## PROBLEM STATEMENT
Nothing should appear in the answer except the lines from the one with "Met deze verbindingshoek" through the end of the listing below, transcribed exactly and without pictures.

## DATA FOR PROCESSING

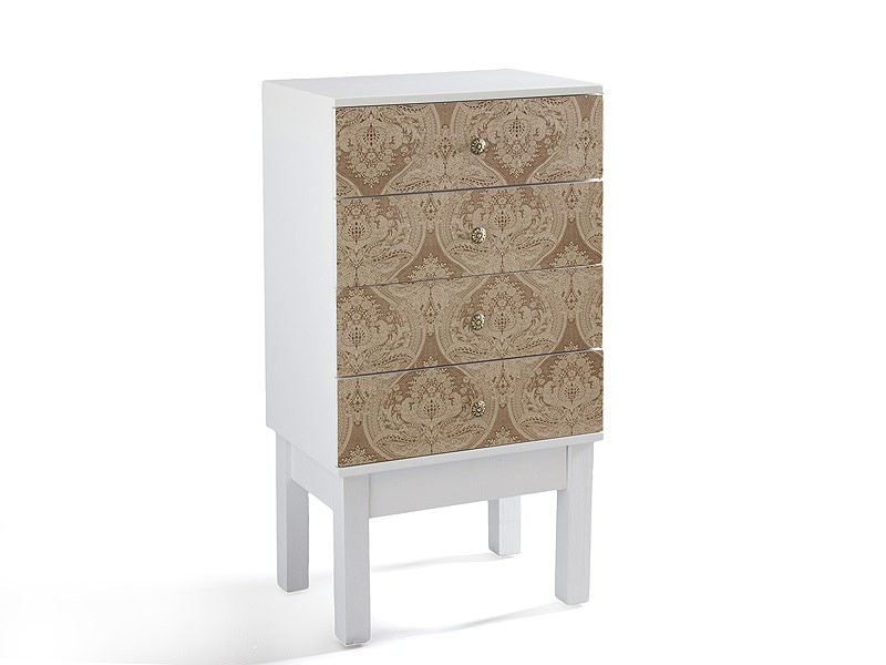 Una refinada pieza tan funcional como estética, fabricada en madera y acabada en un hermoso y luminoso color blanco. Incluye cuatro cajones estampados de marrón y una empuñadora redonda color dorado en cada uno de ellos.
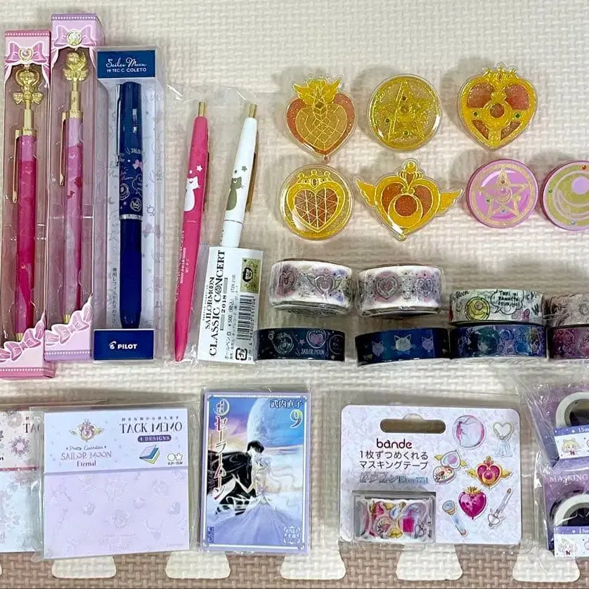 세일러문 문구 세트 볼펜, 마스킹 테이프 포스트잇, 클립 2번째 사진에서 마스킹 테이프 패턴을 확인할 수 있습니다. 불분명한 점 등이 있다면 댓글로 부탁드립니다. 기타 세일러문 굿즈 다수 판매 중. 판매 예정인 상품도 아직 많습니다.
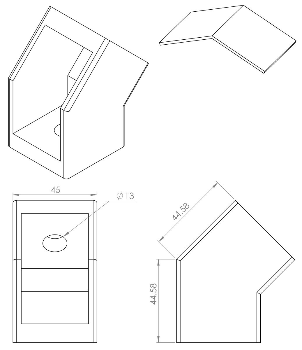 Met deze verbindingshoek is het heel makkelijk om 4545 profielen onder een hoek van 135 graden met elkaar te verbinden. Met deze verbinder is het ook makkelijk om schoren in een opstelling te bouwen. Kijk bij het tabblad "bevestigingsset" om de juiste bevestigingsmaterialen te bestellen om de verbinder te gebruiken.
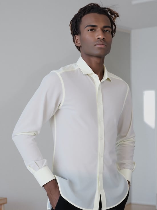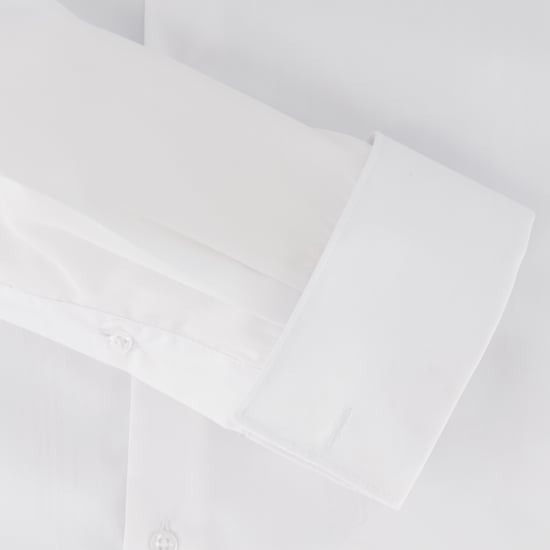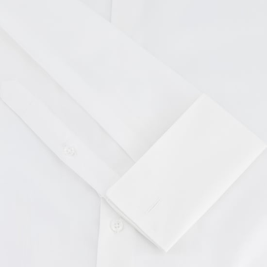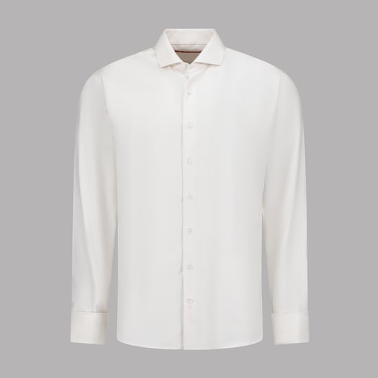 Cream Textured Cotton Double Cuff Dress Shirt | Slim Fit
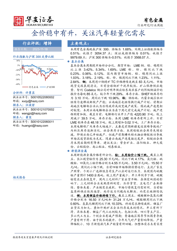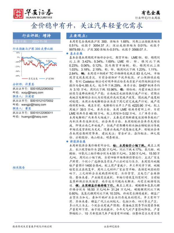 【华安证券】【20231118】20231118-华安证券-有色金属行业周报:金价稳中有升,关注汽车轻量化需求-15页
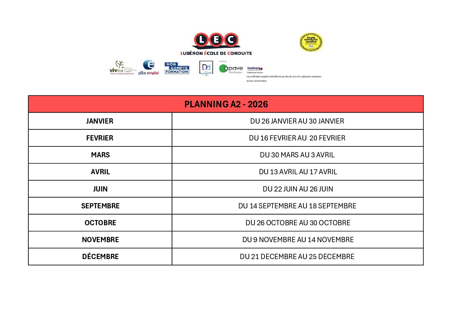 L’école de conduite LEC répond à ces critères de qualité : nous avons donc obtenu le label de qualité QUALIOPI. Nous pouvons donc réceptionner tous les financements provenant des organismes de formation.

## FINISHED EXERCISE
 Met deze verbindingshoek is het heel makkelijk om 4545 profielen onder een hoek van 135 graden met elkaar te verbinden. Met deze verbinder is het ook makkelijk om schoren in een opstelling te bouwen. Kijk bij het tabblad "bevestigingsset" om de juiste bevestigingsmaterialen te bestellen om de verbinder te gebruiken.
 Cream Textured Cotton Double Cuff Dress Shirt | Slim Fit
 【华安证券】【20231118】20231118-华安证券-有色金属行业周报:金价稳中有升,关注汽车轻量化需求-15页
 L’école de conduite LEC répond à ces critères de qualité : nous avons donc obtenu le label de qualité QUALIOPI. Nous pouvons donc réceptionner tous les financements provenant des organismes de formation.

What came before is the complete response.